Cómo nos van a cobrar todos
el alquiler del mundo donde nos dejas
y el valor de aquel pan inacabable.
Pero nos lo cobran…

Vallejo compromete lenguaje y vida, hace que éste se parezca a ella, se funda literalmente con ella hasta que se hacen indistinguibles. Por eso sus imágenes no llegan de parte alguna que no sea lo vivido verdadero, lo recordado verdadero, lo deseado verdadero. Ponerse otras palabras, como otro traje, hubiese sido ser otro. Y eso a su vez sería hacer traición a muchos. Lo particular, lo pequeño es universal, grande en su voz, que se hace igual, que desciende.

La injusticia, la que recae sobre los pequeños, es la gran obsesión de Vallejo. Y la muerte, y el sexo que nos guarda bajo su embozo del triunfo de un nuevo ay.
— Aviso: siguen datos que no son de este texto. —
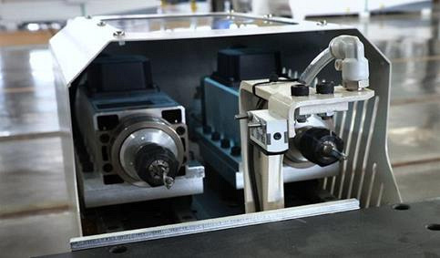 Присадка и выборка пазов выполняются с помощью двух основных шпинделей мощностью 2,2 кВт, 18 000 об/мин.

Y todo eso es solidaridad con el hombre. Comunión entre dientes que rechinan por todos. Se acercó al comunismo desde ese sentimiento y desde ese sentimiento se separó de el. Y la guerra de España se convirtió en la metáfora viva de esa «nervazón de angustia» que une a los hombres a su dolor y a su tierra. Ese libro, España aparta de mí este cáliz, está reproducido completo en la edición que nos ocupa. Con buen criterio, pues es difícil no considerar esos quince poemas como un solo himno a la solidaridad frente a una derrota obligada («tu gana dantesca, españolísima de amar, aunque sea a traición, a tu enemigo»). Lo que el poeta canta es ya eso, la caída de una ilusión que necesitará palabras para salir un día a buscar, donde sea, lo que le quede de humano.

Cantó para dejarnos esas palabras. Y ahí está todavía, Vallejo, desfilando bajo su caminar de paisano, elevándose entre el dolor, rechinando entre los escombros. Y aquí están, aquí siguen sus palabras listas para enfrentar del triunfo de cada nuevo ay.

La antología nos acerca (muy generosamente, ya esta dicho) a esa voz que es, por fin, uno voz de esperanza en el hombre. Pero es una poesía que va a pedirnos para sí la misma atención, la misma comprensión, la misma nobleza, que nos concede ella; tras su lectura ya no se es el mismo.